On Thursday, de Blasio announced that large events requiring a permit from city officials would be canceled through the end of September, putting the kibosh on events like Brooklyn’s West Indian American Day Carnival, Manhattan’s Dominican Day Parade and Little Italy’s San Gennaro festival.
However, de Blasio appeared to give the go-ahead to the protests that have swept the city following the May 25 death of George Floyd in Minneapolis police custody.
“This is a historic moment of change,” de Blasio told CNN host Wolf Blitzer Thursay. “We have to respect that but also say to people the kinds of gatherings we’re used to, the parades, the fairs — we just can’t have that while we’re focusing on health right now,”
Hilton also called out the mayor for a Thursday “PR stunt” in which he helped paint “Black Lives Matter” in big lettering on Fifth Avenue outside Trump Tower.
“We’ve seen a lot of examples over the past few weeks and months of what’s being described as ‘performative wokeness’ and stunts and symbols and superficial things that actually don’t change anything in the real world,” Hilton said. “This, however, is a particularly sickening example of that.
“While he’s painting Black Lives Matter on that particular street in New York, you literally have Black people dying on the mayors’ streets in New York because of his failures over policing,” he asserted.
Last week, the Bigg Apple’s lawmakers voted on budget changes that shifted $1 billion from the NYPD to programs that assist in youth and community development.

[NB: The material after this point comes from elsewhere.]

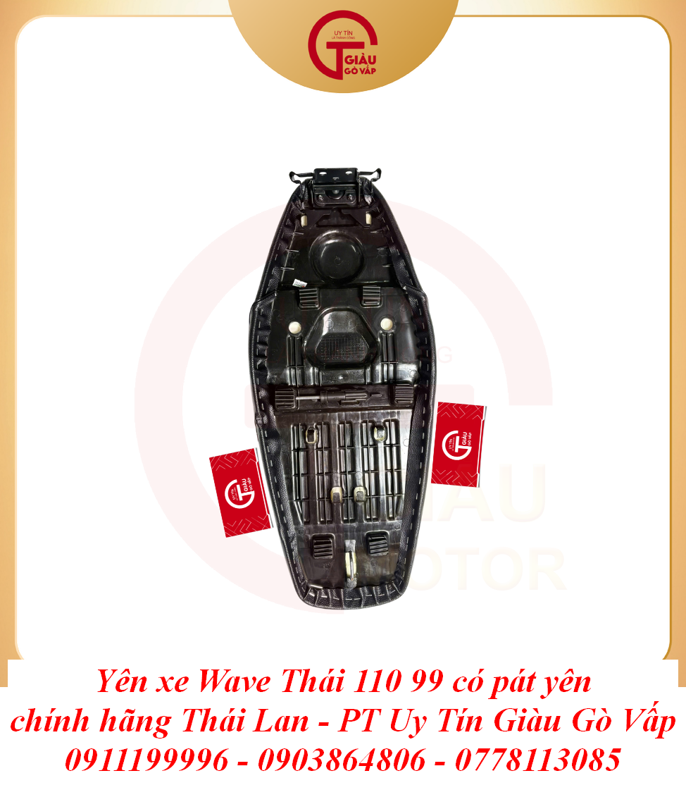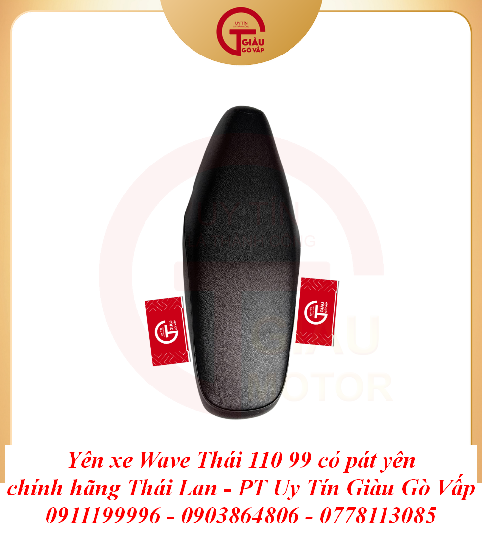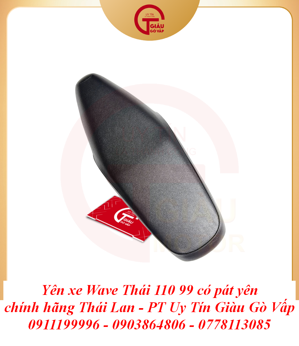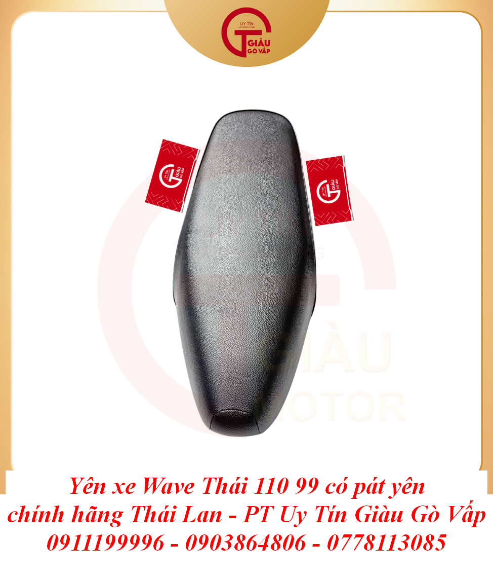 Đừng để chiếc yên xe cũ kỹ làm giảm đi niềm vui trên mỗi chuyến đi của bạn! Hãy đến ngay Giàu Gò Vấp – cửa hàng phụ tùng xe máy uy tín hàng đầu tại TP. Hồ Chí Minh, chuyên cung cấp Yên Xe Wave Thái 110 99 Có Pát Yên Chính Hãng Thái Lan. Chúng tôi cam kết mang lại cho bạn sự êm ái, bền bỉ và vẻ đẹp chuẩn "zin" Thái Lan như mới xuất xưởng!

That was followed by a bloody Fourth of July weekend which saw 64 New Yorkers shot, 11 fatally – including a young father who was shot while holding hands with his 6-year-old daughter in the Bronx.

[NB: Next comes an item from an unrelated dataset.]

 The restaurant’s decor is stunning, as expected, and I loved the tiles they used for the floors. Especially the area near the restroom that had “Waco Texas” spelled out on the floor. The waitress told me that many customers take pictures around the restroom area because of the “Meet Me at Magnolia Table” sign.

In all, the city recorded 205 shootings in the month of June, a 130 percent increase over the 89 shootings that took place in the same month last year.
“I’m all for police reform. I’ve made that argument over and over again: sensible police reform, that’s needed,” said Hilton. “What we don’t need is police retreat, because that means more people will be killed, including Black people.”
“And, that’s what’s happening on his watch,” he concluded. “It’s totally shameful.”